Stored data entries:
_ _ _ _ _

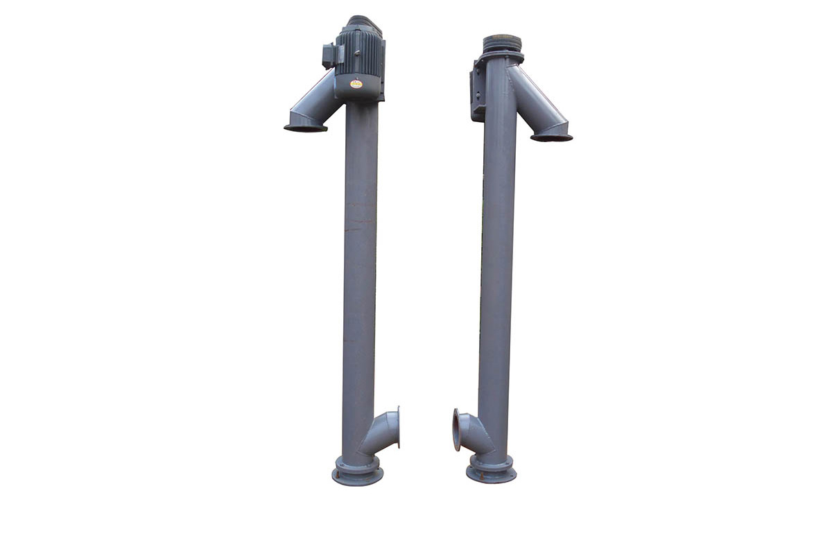 SZC系列垂直提升機(垂直輸送機)的驅(qū)動裝置振動電機安裝在輸送塔下部,兩臺振動電機對稱交叉安裝,輸送塔由管體和焊接在管體周圍的螺旋輸送槽組成,輸送塔座于減振裝置上,減振裝置由底座和隔振彈簧組成。當垂直輸送機工作時,根據(jù)雙振動電機自同步原理,由振動電機產(chǎn)生激振力,強迫整個輸送塔體作水平圓運動和向上垂直運動的空間復(fù)合振動,螺旋槽內(nèi)的物料則受輸送槽的作用,作勻速拋擲圓運動,沿輸送槽體向上運動,從而完成物料的向上(或向下)輸送作業(yè)。
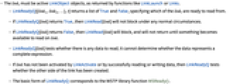 - LinkReadyQ[{link1,link2,…},t] returns a list of True and False, specifying which of the linki are ready to read from.
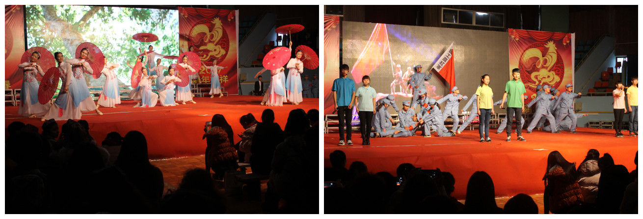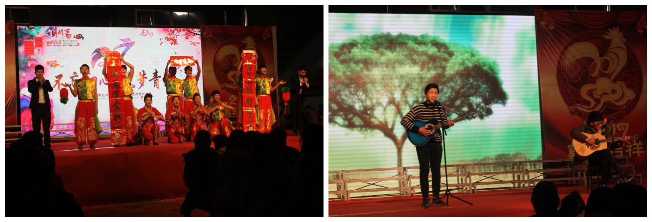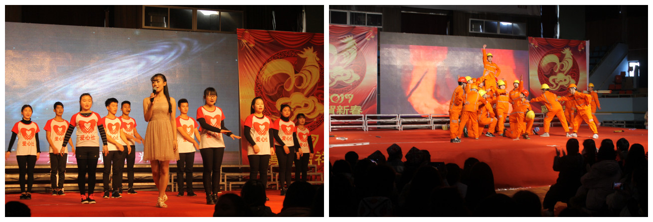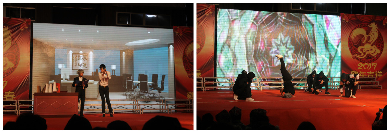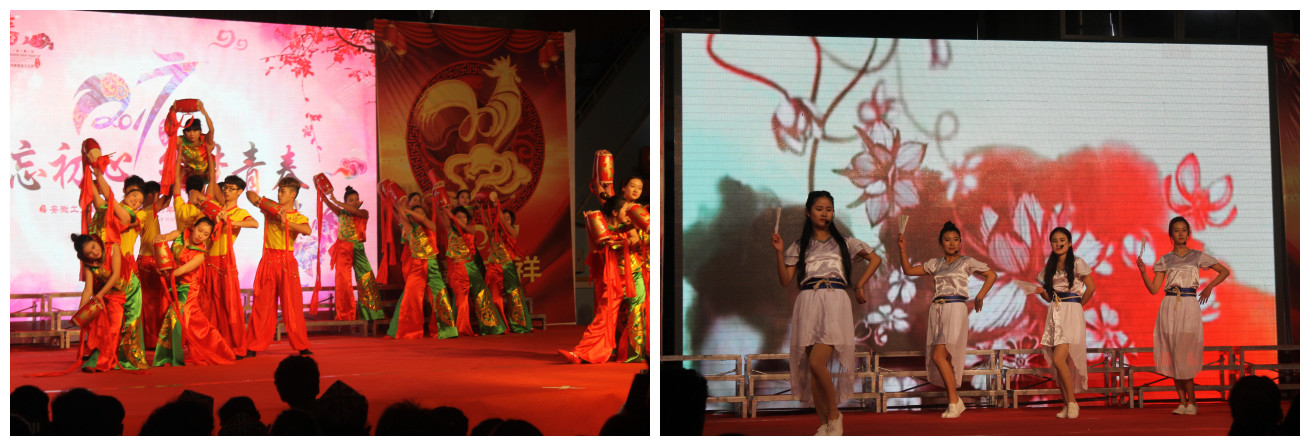 演出在喜庆热闹的开场舞《在欢庆的日子里》拉开序幕。在一片喜庆祥和、笑迎新元的氛围中,学院院长陈世虎发表了热情洋溢的新年致辞,他充分肯定了2016年学院各项工作所取得的重大成就,也展望了2017年学院建设和发展的美好蓝图,并代表学院领导班子向全院师生致以新年的问候与祝福。
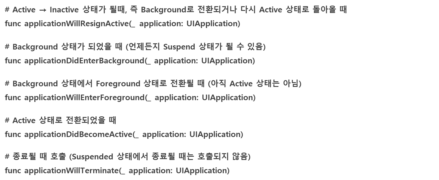 iOS 앱 동작 시 상태 및 호출 함수
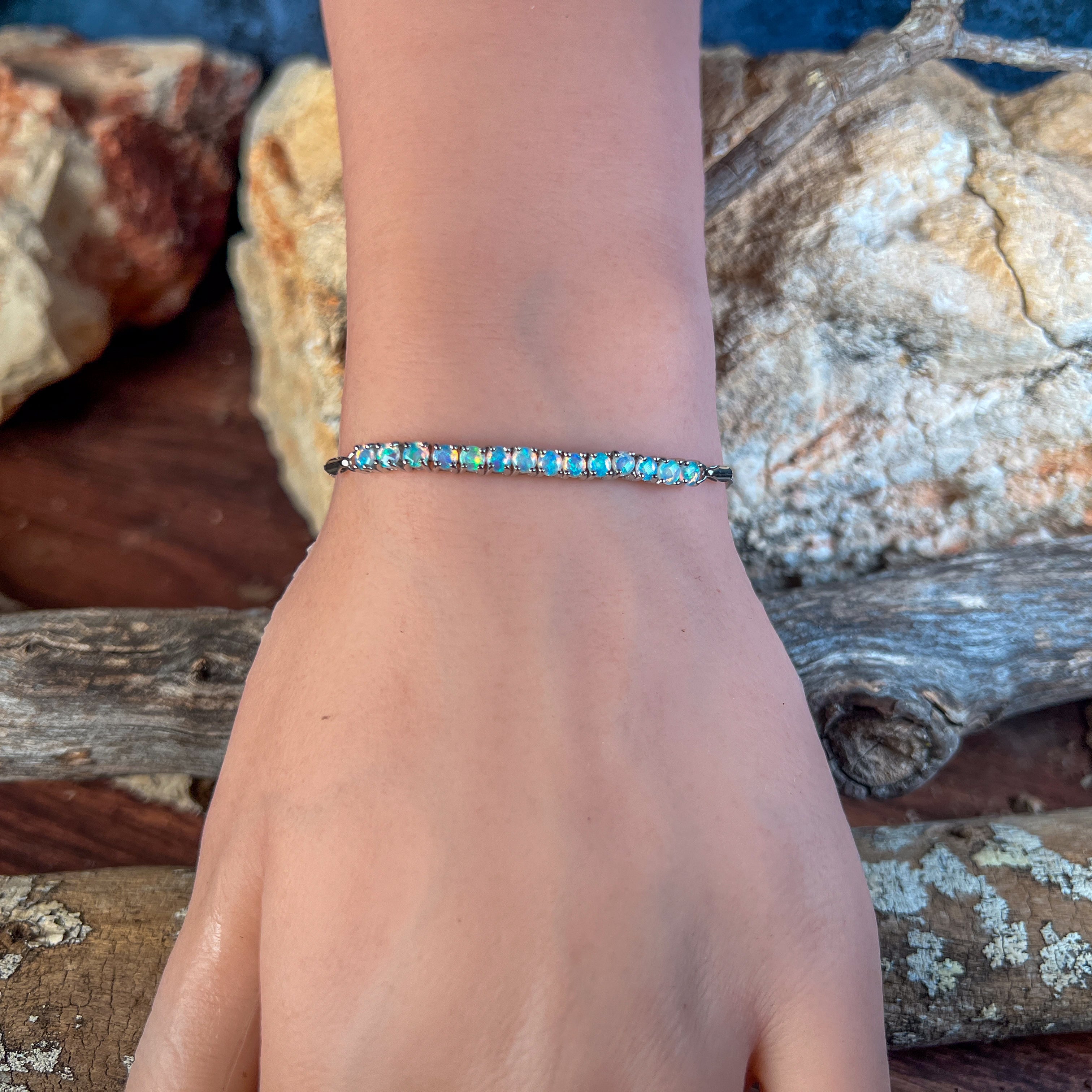 Sterling Silver adjustable Opal 3.5mm tennis bracelet style

_ _ _ _ _

• Try it: Give again, please, precisely the lines that begin the records and run through the line with "to read from." in it, keeping both end lines and dropping any pictures.

• Expected answer:
 SZC系列垂直提升機(垂直輸送機)的驅(qū)動裝置振動電機安裝在輸送塔下部,兩臺振動電機對稱交叉安裝,輸送塔由管體和焊接在管體周圍的螺旋輸送槽組成,輸送塔座于減振裝置上,減振裝置由底座和隔振彈簧組成。當垂直輸送機工作時,根據(jù)雙振動電機自同步原理,由振動電機產(chǎn)生激振力,強迫整個輸送塔體作水平圓運動和向上垂直運動的空間復(fù)合振動,螺旋槽內(nèi)的物料則受輸送槽的作用,作勻速拋擲圓運動,沿輸送槽體向上運動,從而完成物料的向上(或向下)輸送作業(yè)。
 - LinkReadyQ[{link1,link2,…},t] returns a list of True and False, specifying which of the linki are ready to read from.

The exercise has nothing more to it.